Il compagno di Cesare Pavese – relazione di Federico Galli
27 Gennaio 2019Critica letteraria
27 Gennaio 2019Ricordi
Pietro Tivelli
Classe IV° F
Scheda di analisi
LA VITA
Guicciardini, Francesco (Firenze 1483 – Arcetri, Firenze 1540), storico, uomo politico e pensatore italiano. Dopo aver compiuto studi giuridici a Pisa, nel 1506 si avviò a una brillante carriera nell’avvocatura e, nel 1512, fu nominato ambasciatore presso la corte di Ferdinando il Cattolico, in Spagna. Tornato nel 1514 a Firenze, dove intanto i Medici avevano ripreso il potere sotto la protezione degli spagnoli, nel 1516 entrò al servizio di Leone X (Giovanni de’ Medici), che lo fece governatore prima di Modena, quindi di Reggio e Parma, e infine commissario dell’esercito pontificio. Nel 1523 Clemente VII (Giulio de’ Medici), di cui godeva dell’amicizia e del favore, lo nominò presidente della Romagna. Fu in quelle circostanze, nel vigore con cui affrontò l’anarchia delle regioni sotto il suo controllo, che dimostrò grandi capacità organizzative e di comando.
Più significativa ancora fu la sua azione diplomatica nella complessa situazione prodottasi nel territorio italiano come conseguenza delle lotte per l’egemonia europea. Si adoperò infatti per creare, con un rovesciamento degli attuali schieramenti, una lega tra papato, stati italiani e Francesco I di Francia contro il reale pericolo costituito da Carlo V, che tendeva a un’assoluta supremazia imperiale sull’Italia.

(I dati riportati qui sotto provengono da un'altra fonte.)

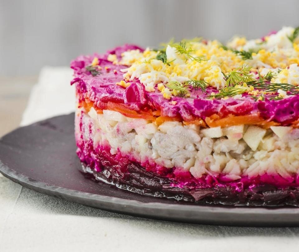 Не представляю жизнь уже без этого классного салата – селедка под шубой. Все делают по разному. Я уже просмотрела рецепты в интернете, но, думаю, что моя селедка под шубой самая простая. Хотя она и удивительная, ведь приготовить нужно целых семь слоев! Поехали! Овощи нужно отварить. Варятся они от 20 минут до 1 часа. Картофель быстрее всего варится, потом уже идет морковь и свекла (она дольше всего). Я варю все в одной кастрюле и вынимаю по мере готовности. Потом нужно овощи очистить. Не забудьте очистить селедку от костей. Я раньше резала все кубиками и раскладывала по тарелочкам. Так, кстати, вкуснее получается, та же селедка под шубой. Но сейчас я тру на терке, так быстрее можно приготовить любимый салат. Еще меньше посуды марается. Приятного аппетита!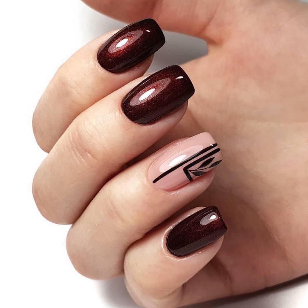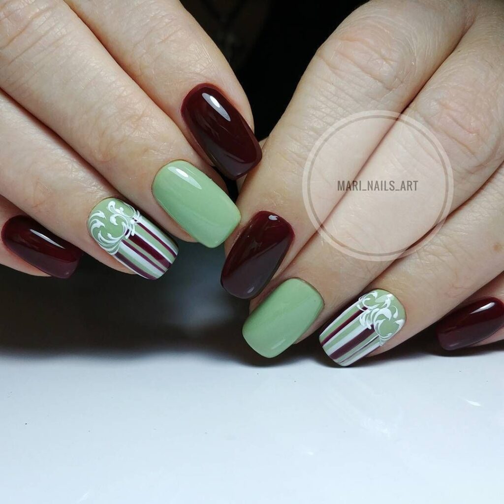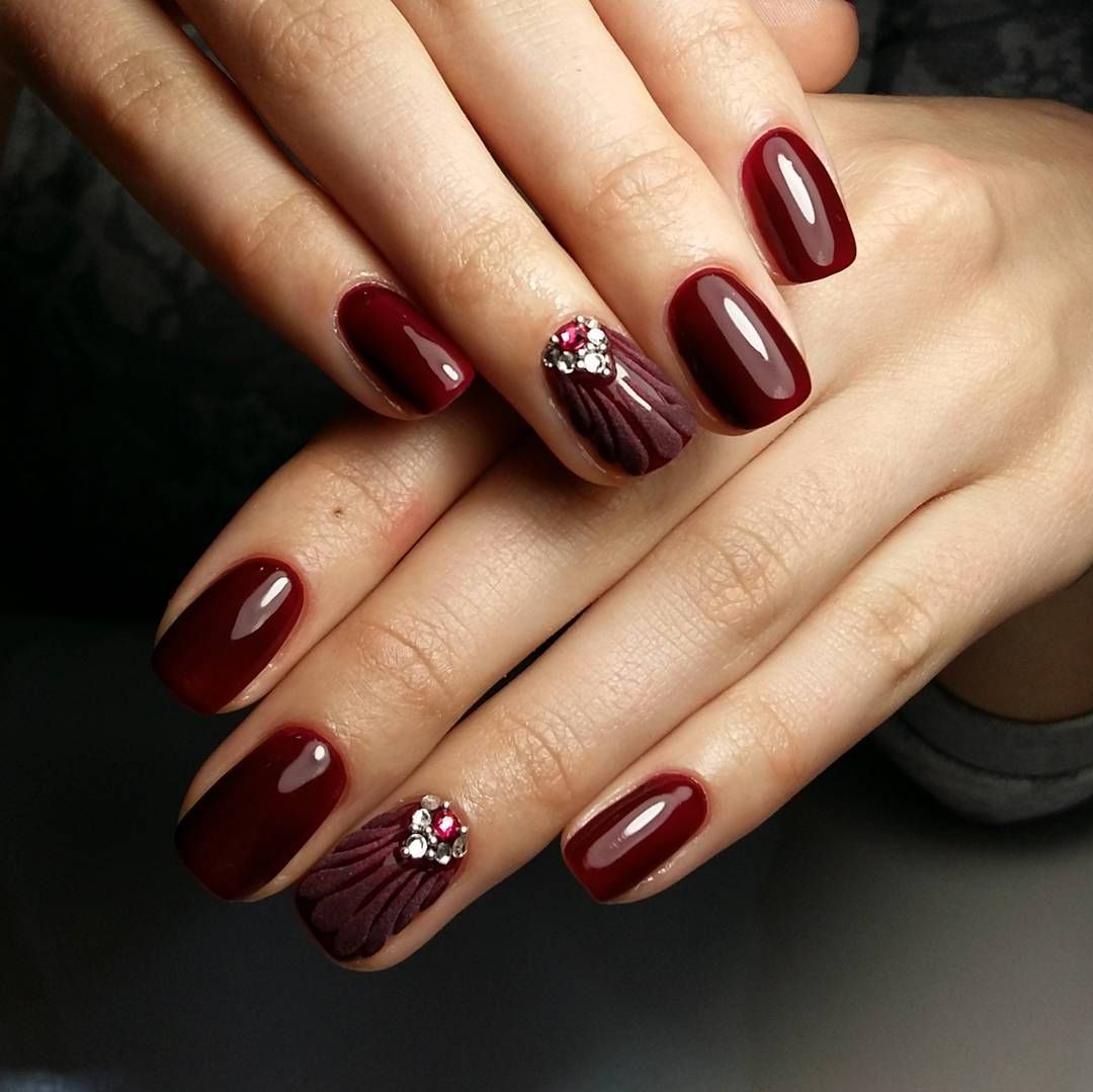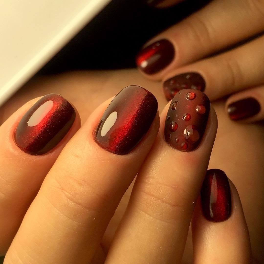 Красный станет ярким, но ненавязчивым акцентом в выбранном нейл-образе. Он может быть сочным или приглушенным, насыщенным или более бледным. Под стать ему подбирают коричневый оттенок лака, чтобы вместе тона выглядели гармонично. Лучше всего сочетаются с красным темно-бежевый, какао, каштановые оттенки.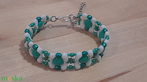 Cseh gyöngyökből, kétlyukú gyöngyökből drótra fűzött karkötő, delfinkapoccsal és hosszabbító lánccal. A karkötő hossza 18cm+4cm.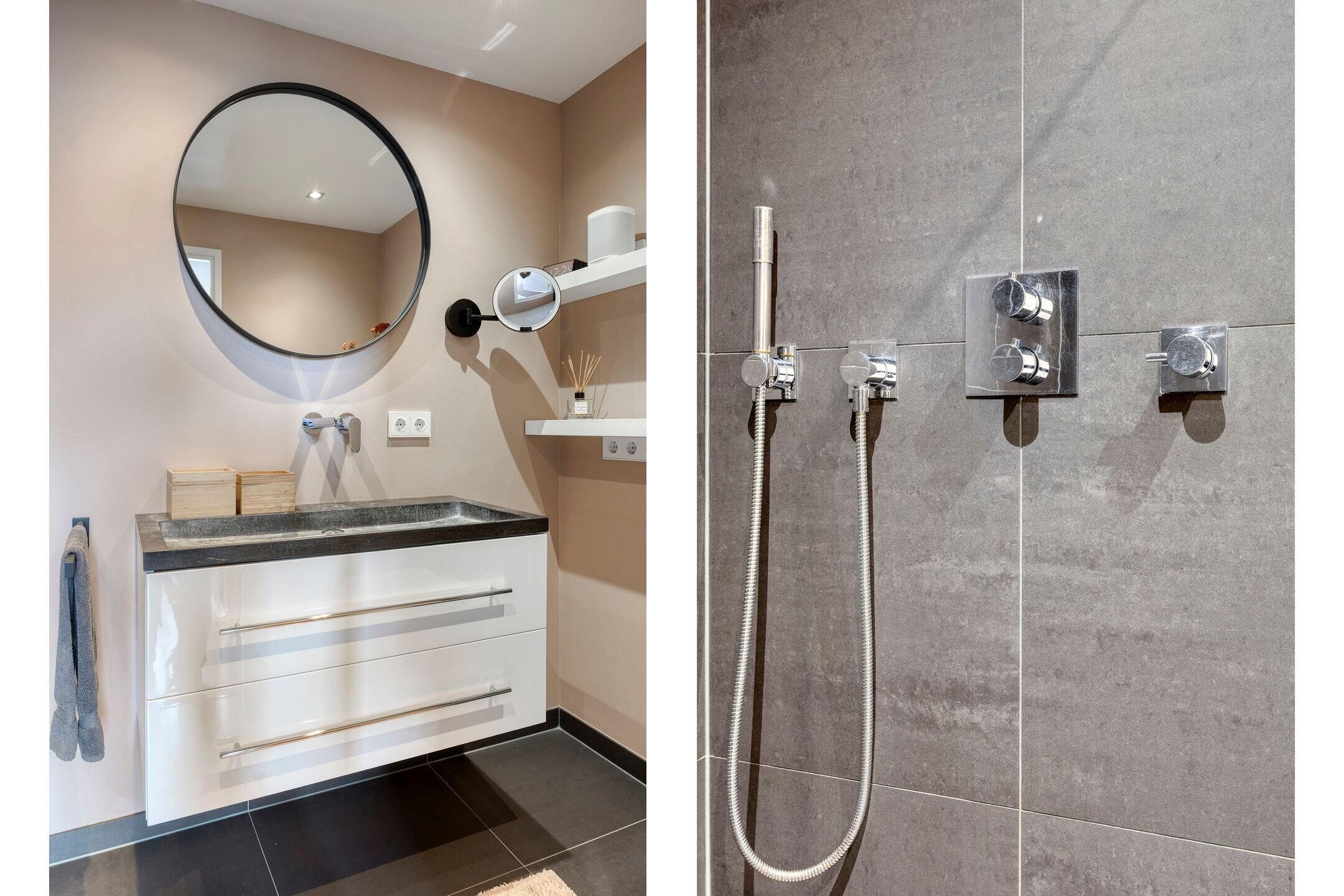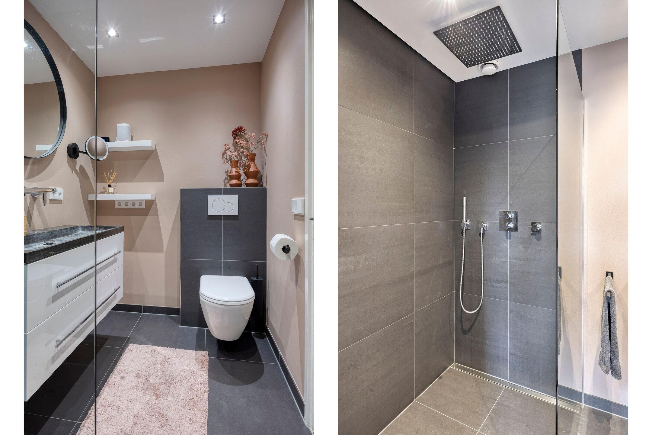 De moderne badkamer is compleet uitgevoerd met een toilet, een ruime inloop regendouche, een grote wastafel, sfeerverlichting en comfortabele vloerverwarming.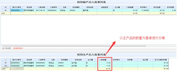 一张副产品入库单,可以对多张主产品入库单进行材料分摊。分摊时,以主产品入库单的入库数量为基准进行分摊。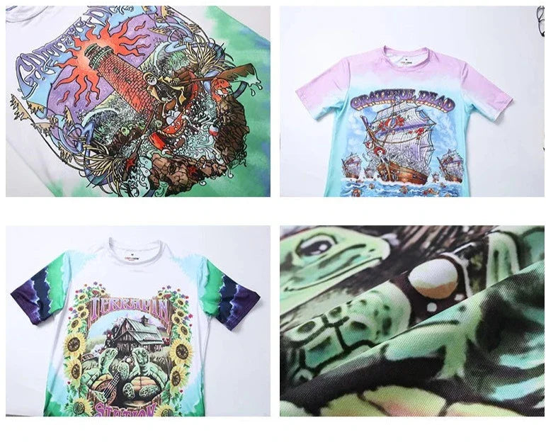 Introducing The Grateful Dead 'Lighthouse' Short Sleeve Compression Rashguard, the ultimate expression of your love for the iconic band and a stylish addition to your activewear collection. This exceptional rashguard combines comfort, function, and a vibrant design that showcases your dedication to the Grateful Dead legacy. With its eye-catching artwork featuring dancing bears and psychedelic skulls, you'll feel inspired and energized every time you wear it.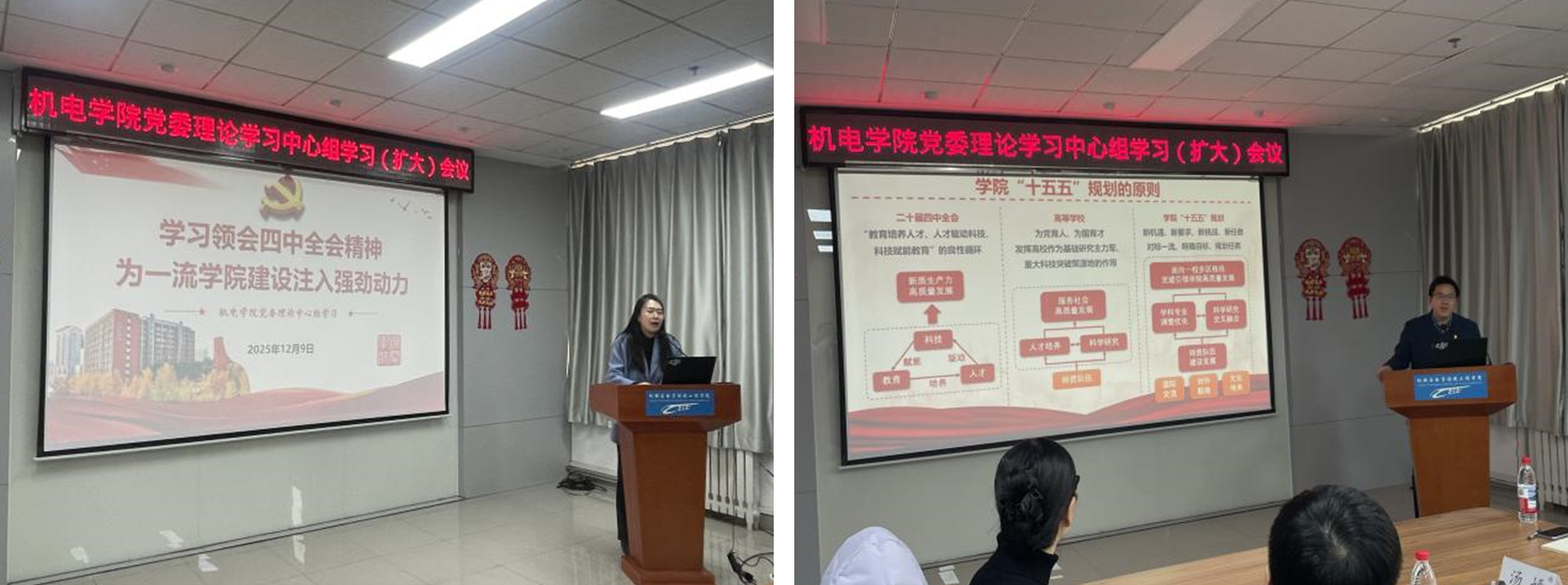 学院党委副书记唐薇领学了二十届四中全会公报,解读了全会精神的核心要义和实践要求。学院党委副书记、副院长蒋增强总结了学院 “十四五”发展成就,介绍了学院 “十五五” 发展规划编制情况。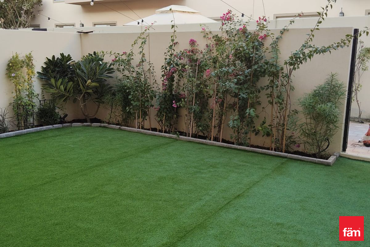 The townhouse features 4 bathrooms and boasts a serene community view. Designed for modern living, it includes built-in wardrobes, a maid’s room, and an open kitchen fitted with quality fixtures. Residents will appreciate the private garden, perfect for outdoor relaxation and entertainment.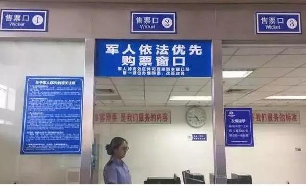 8月1日起,全国地级及以上城市所在地主要铁路客运站将陆续设置军人优先购票窗口,直辖市、省会(首府)及计划单列市所在地主要铁路客运站设置军人候车室(区)。各铁路局还将根据场地条件及客流需求等实际情况,在其他客运站设立军人候车室(区)。铁路总公司明确要求,军人优先购票窗口、军人候车室(区)将设置醒目标志。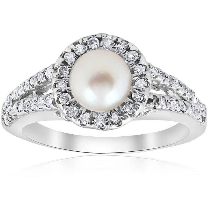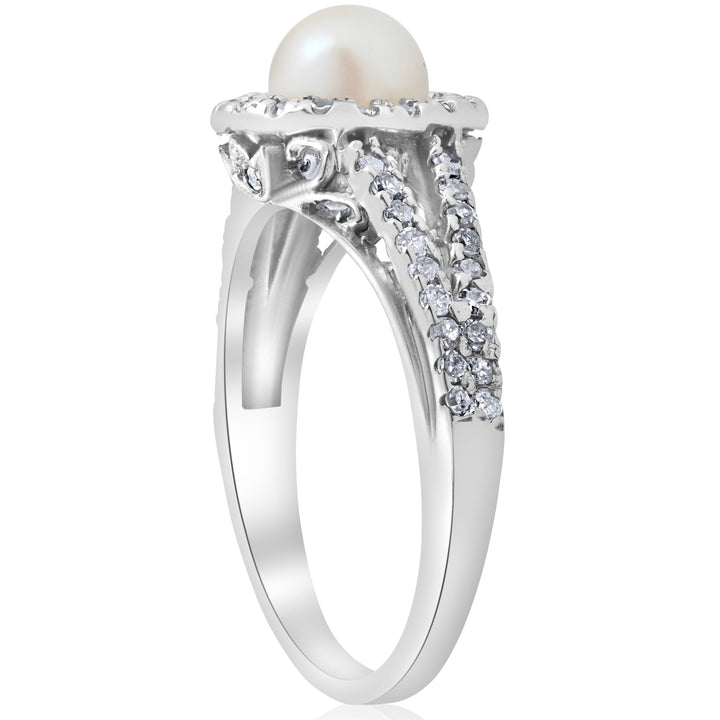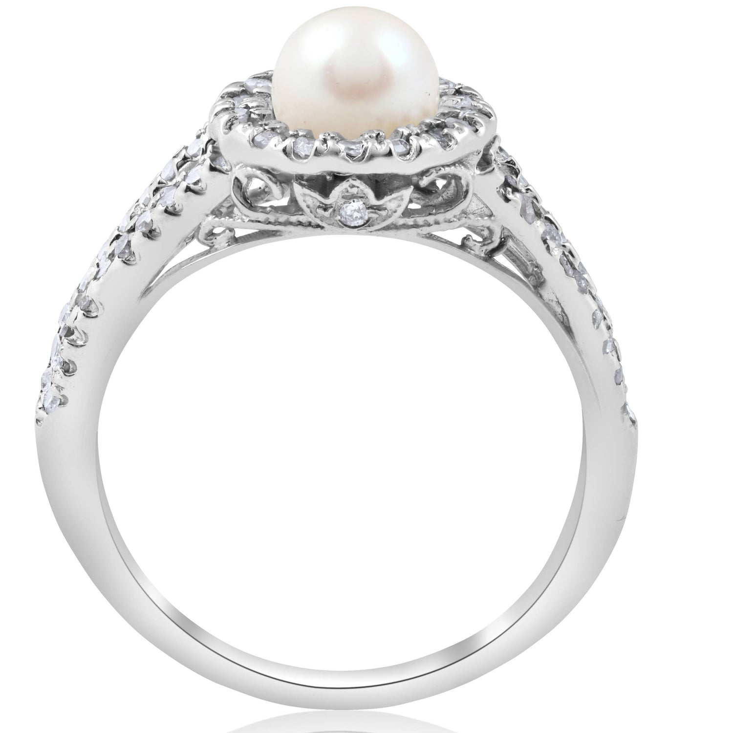 Solid 14k white gold featuring a 5mm genuine pearl and 59 round-cut diamonds. Diamond clarity I2-I3, color G-H.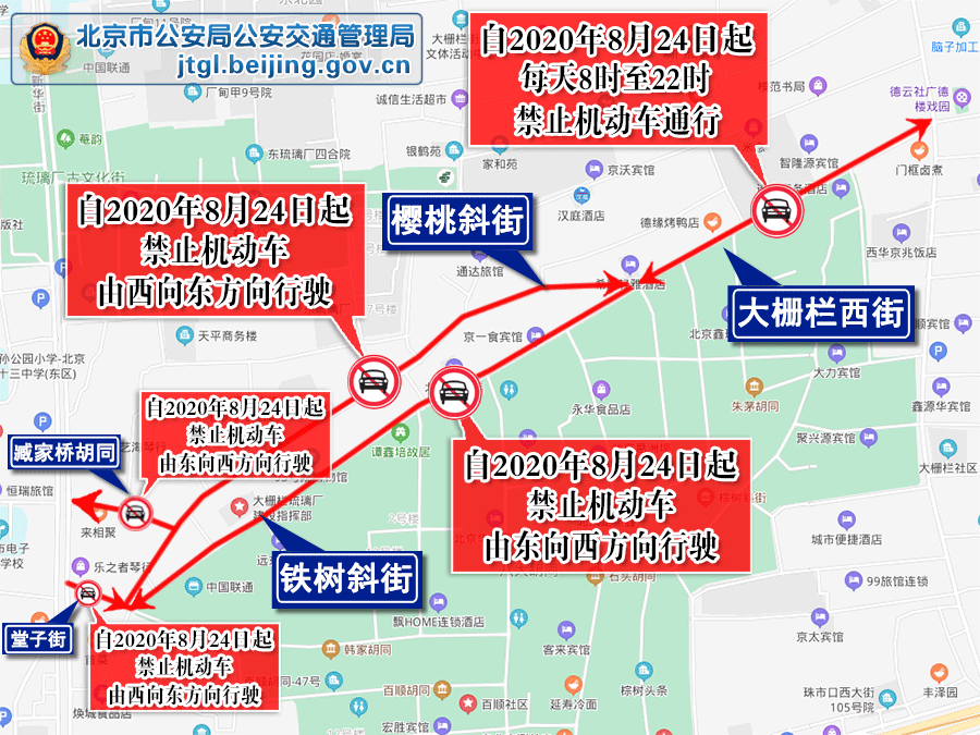 通告称,为保证西城区大栅栏地区的交通安全与畅通,根据道路交通安全法律法规的有关规定,决定自2020年8月24日起,对大栅栏地区部分道路采取以下交通管理措施: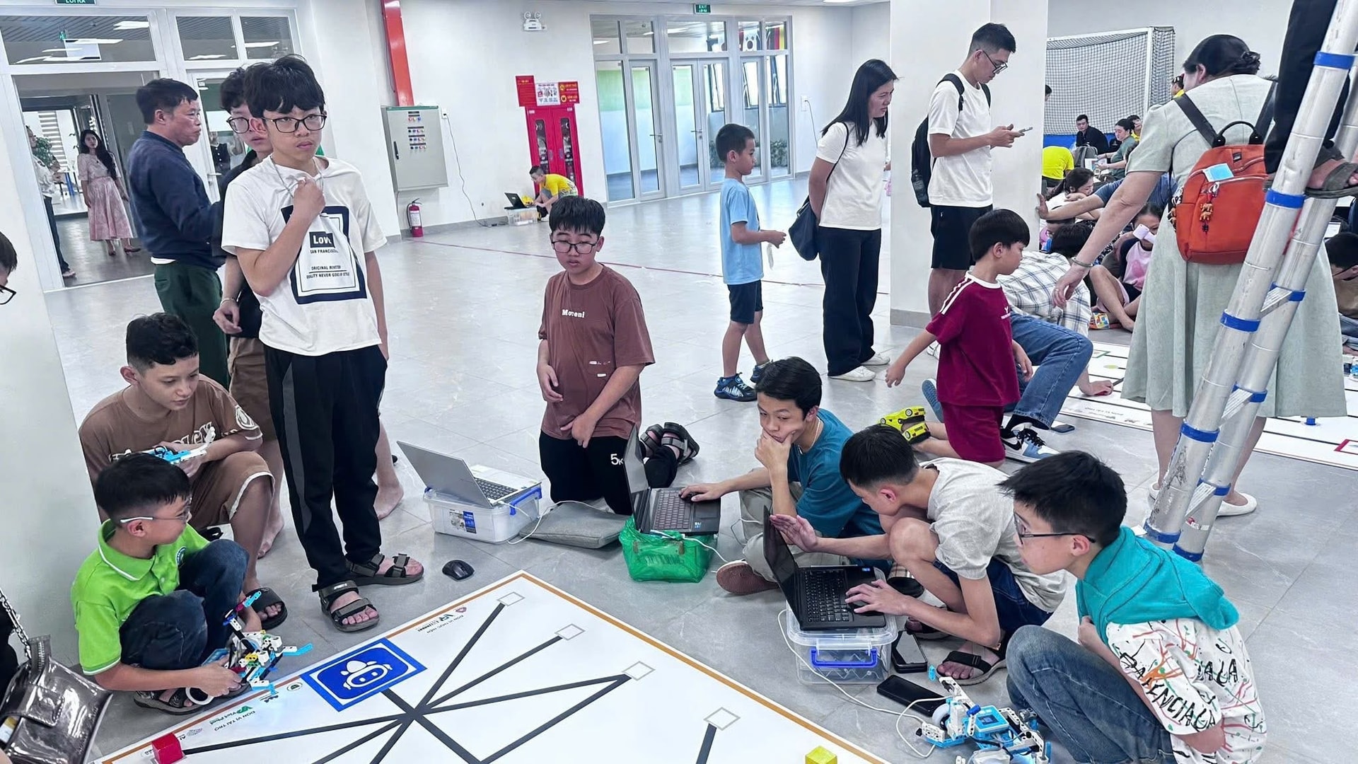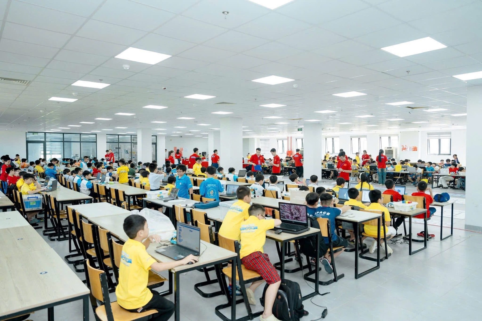 Tham gia bảng R2 của vòng chung kết, đoàn học sinh phường Xuân Hương - Đà Lạt có 10 đội thi, đến từ Trường THCS Nguyễn Du và Trường THCS Quang Trung, cùng tranh tài ở các nội dung thiết kế, lập trình và điều khiển robot.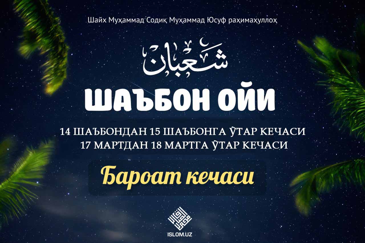 «Қачон Шаъбон ярими кечаси бўлса, унинг кечасини бедор ўтказинглар, кундузининг рўзасини тутинглар. Чунки ўшанда Аллоҳ қуёш ботиши пайтида дунё осмонига тушади ва: «Қани, истиғфор айтувчи борми? Мен унга ризқ берурман. Қани, балога учраган борми? Мен унга офият берурман. Фалончи қани, фистончи қани?» дейди. Токи, тонг отгунча шундоқ бўлади», дедилар»

Ma la lega fu sconfitta, i mercenari tedeschi di Carlo V saccheggiarono Roma (1527), i Medici furono temporaneamente cacciati da Firenze, e su Guicciardini, ritiratosi nella villa del Finocchieto, piovve la condanna del Papa da un lato e, dall’altro, dei suoi concittadini, restauratori di una nuova repubblica fiorentina. I suoi beni vennero confiscati e Guicciardini si trasferì nel 1529 a Bologna e in seguito a Roma.
Recuperato il favore di Clemente VII e ripristinata la signoria medicea a Firenze, tornò nel 1534 a Firenze e assunse il ruolo di consigliere e luogotenente del duca Alessandro, ma dopo l’assassinio di questi, pur essendo fautore della successione di Cosimo de’ Medici, venne tenuto in disparte. Si ritirò allora nella sua villa di Arcetri, dove la morte lo raggiunse nel 1540 mentre lavorava alla monumentale Storia d’Italia, iniziata nel 1535. Non si sa se intendesse pubblicarla, dal momento che già altri importanti scritti (Ricordi politici e civili, 1528-1530; Considerazioni intorno ai “Discorsi” del Machiavelli sopra la prima Deca di Tito Livio, 1528; oltre alle giovanili e incompiute Storie fiorentine, 1508-1510), recuperati dopo la sua morte, erano rimasti fra le sue carte.
Guicciardini era una mente portata all’intuizione pratica più che ai grandi progetti ideologici e diffidava, anzi, delle tesi perentorie e delle teorie di principio. Privo di una dottrina organica e coerente, era convinto dell’importanza di interpretare gli eventi con duttilità, risolvendo i problemi contingenti in maniera flessibile. Tale pragmatismo era proprio anche di Niccolò Machiavelli, ma, al contrario di questi, Guicciardini non credeva che i rapporti fra gli uomini e i fatti della storia dipendessero da leggi fondamentali e assolute.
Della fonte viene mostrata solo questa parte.